Via Environment Variable:
export AIRFLOW_CONN_OLOSTEP_DEFAULT='{"conn_type": "olostep", "password": "your-api-key"}'
2. Get Your API Key
Sign up at olostep.com and get your API key from the dashboard.
3. Create Your First DAG
from datetime import datetime
from airflow import DAG
from airflow_provider_olostep.operators.scrape import OlostepScrapeOperator
with DAG(
dag_id="olostep_quickstart",
start_date=datetime(2024, 1, 1),
schedule_interval="@daily",
catchup=False,
) as dag:
scrape = OlostepScrapeOperator(
task_id="scrape_example",
url="https://example.com",
formats=["markdown", "text"],
)
Available Components
Operators
| Operator | Description |
|---|---|
OlostepScrapeOperator |
Scrape a single URL |
OlostepBatchOperator |
Batch scrape multiple URLs |
OlostepCrawlOperator |
Crawl a website |
OlostepMapOperator |
Create a sitemap |
OlostepAskOperator |
Ask questions about a webpage |
Sensors
| Sensor | Description |
|---|---|
OlostepBatchSensor |
Wait for batch job completion |
OlostepCrawlSensor |
Wait for crawl job completion |
Hook
| Hook | Description |
|---|---|
OlostepHook |
Low-level API access |
Examples
Scrape a Single Page
from airflow_provider_olostep.operators.scrape import OlostepScrapeOperator
scrape = OlostepScrapeOperator(
task_id="scrape_page",
url="https://news.ycombinator.com",
formats=["markdown", "text", "links"],
wait_for=2000, # Wait 2 seconds for JS rendering
)
Batch Scrape Multiple URLs
from airflow_provider_olostep.operators.batch import OlostepBatchOperator
batch = OlostepBatchOperator(
task_id="batch_scrape",
urls=[
"https://example.com/page1",
"https://example.com/page2",
"https://example.com/page3",
],
formats=["markdown"],
wait_for_completion=True, # Block until all pages are scraped
)
Discover and Scrape Website
from airflow import DAG
from airflow.operators.python import PythonOperator
from airflow_provider_olostep.operators.map import OlostepMapOperator
from airflow_provider_olostep.operators.batch import OlostepBatchOperator
from airflow_provider_olostep.sensors.batch import OlostepBatchSensor
with DAG("discover_and_scrape", ...) as dag:
# Step 1: Discover all product pages
discover = OlostepMapOperator(
task_id="discover_urls",
url="https://shop.example.com",
include_patterns=["/products/**"],
max_urls=100,
)
# Step 2: Start batch scrape
def start_batch(**context):
from airflow_provider_olostep.hooks.olostep import OlostepHook
urls = context["ti"].xcom_pull(task_ids="discover_urls", key="urls")
hook = OlostepHook()
result = hook.batch_scrape(urls=urls[:50], formats=["markdown"])

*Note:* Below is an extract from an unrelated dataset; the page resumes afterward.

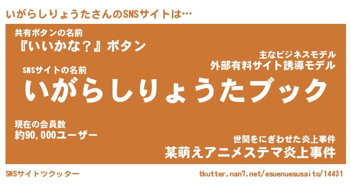 | 胡散臭い通販商品みたいなあだ名 | 『億万長者になれるブレスレット…その名も「いがらしりょうた」』 |
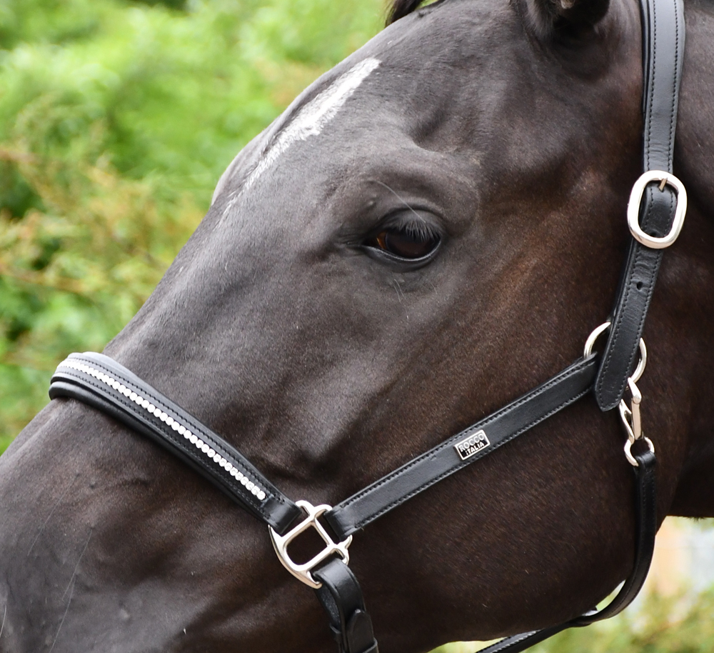 Luxury padded leather horse headcollar with crystal embellished noseband.

return result.get("batch_id") or result.get("id")
batch = PythonOperator(
task_id="start_batch",
python_callable=start_batch,
)
# Step 3: Wait for completion
wait = OlostepBatchSensor(
task_id="wait_for_batch",
batch_id="{{ ti.xcom_pull(task_ids='start_batch') }}",
poke_interval=30,
timeout=3600,
mode="reschedule",
)
discover >> batch >> wait
Ask Questions About Pages
from airflow_provider_olostep.operators.ask import OlostepAskOperator
ask = OlostepAskOperator(
task_id="get_pricing",
url="https://example.com/pricing",
question="What is the price of the enterprise plan?",
)
Using Dynamic URLs with Templates
scrape = OlostepScrapeOperator(
task_id="scrape_dynamic",
url="{{ var.value.target_url }}", # From Airflow Variables
formats="{{ dag_run.conf.get('formats', ['markdown']) }}",
)
Using the Hook Directly
For custom logic, use OlostepHook:
from airflow.operators.python import PythonOperator
from airflow_provider_olostep.hooks.olostep import OlostepHook
def custom_scraping(**context):
hook = OlostepHook(olostep_conn_id="olostep_default")
# Scrape with custom options
result = hook.scrape(
url="https://example.com",
formats=["markdown", "screenshot"],
wait_for=3000,
country="US",
)
# Process results
markdown = result.get("markdown", "")
print(f"Scraped {len(markdown)} characters")
return result
task = PythonOperator(
task_id="custom_scrape",
python_callable=custom_scraping,
)
Configuration
Connection Options
| Field | Description |
|---|---|
Password |
Your Olostep API key (required) |
Extra |
JSON with optional settings |
Extra JSON options:
{
"base_url": "https://api.olostep.com/v1",
"api_key": "alternative-location-for-key"
}
Operator Common Parameters
| Parameter | Description | Default |
|---|---|---|
olostep_conn_id |
Airflow connection ID | olostep_default |
formats |
Output formats (list) | ["markdown"] |
Development
Local Setup
# Clone the repository
git clone https://github.com/olostep/airflow-provider-olostep.git
cd airflow-provider-olostep
# Create virtual environment
python -m venv venv
source venv/bin/activate # On Windows: venv\Scripts\activate
# Install in development mode
pip install -e ".[dev]"
# Run tests
pytest
Running Airflow Locally
See the examples/local-airflow directory for a Docker Compose setup.
Resources
Support
- 📧 Email: support@olostep.com
- 🐛 Issues: GitHub Issues
- 📖 Docs: docs.olostep.com
License
Apache License 2.0 - see LICENSE for details.
Project details
Release history Release notifications | RSS feed
Download files
Download the file for your platform. If you're not sure which to choose, learn more about installing packages.
Source Distribution
Built Distribution
Filter files by name, interpreter, ABI, and platform.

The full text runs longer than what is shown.